- Your goal
Find the line containing "14 KARAT GOLD" in the records below. Copy exactly that line and each one after it, ending at the line containing "This case illustrates", and nothing more.

- Source material
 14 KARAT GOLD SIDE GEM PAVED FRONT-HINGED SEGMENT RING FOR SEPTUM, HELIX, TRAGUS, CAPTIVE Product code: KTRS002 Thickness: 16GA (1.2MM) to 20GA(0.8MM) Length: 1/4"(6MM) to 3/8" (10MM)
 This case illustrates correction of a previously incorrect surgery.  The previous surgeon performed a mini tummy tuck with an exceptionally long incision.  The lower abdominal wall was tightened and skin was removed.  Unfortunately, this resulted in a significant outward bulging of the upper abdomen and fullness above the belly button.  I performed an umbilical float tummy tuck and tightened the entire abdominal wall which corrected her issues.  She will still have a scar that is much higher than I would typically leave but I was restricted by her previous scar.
...
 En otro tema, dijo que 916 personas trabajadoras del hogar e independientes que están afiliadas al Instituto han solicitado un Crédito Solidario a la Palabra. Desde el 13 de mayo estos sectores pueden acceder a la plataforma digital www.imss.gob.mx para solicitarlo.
==
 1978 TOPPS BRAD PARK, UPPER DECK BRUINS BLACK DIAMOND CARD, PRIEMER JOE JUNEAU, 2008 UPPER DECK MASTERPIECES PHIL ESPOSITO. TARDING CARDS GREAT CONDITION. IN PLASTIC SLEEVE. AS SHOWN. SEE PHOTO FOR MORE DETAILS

- Reply to the exercise
 14 KARAT GOLD SIDE GEM PAVED FRONT-HINGED SEGMENT RING FOR SEPTUM, HELIX, TRAGUS, CAPTIVE Product code: KTRS002 Thickness: 16GA (1.2MM) to 20GA(0.8MM) Length: 1/4"(6MM) to 3/8" (10MM)
 This case illustrates correction of a previously incorrect surgery.  The previous surgeon performed a mini tummy tuck with an exceptionally long incision.  The lower abdominal wall was tightened and skin was removed.  Unfortunately, this resulted in a significant outward bulging of the upper abdomen and fullness above the belly button.  I performed an umbilical float tummy tuck and tightened the entire abdominal wall which corrected her issues.  She will still have a scar that is much higher than I would typically leave but I was restricted by her previous scar.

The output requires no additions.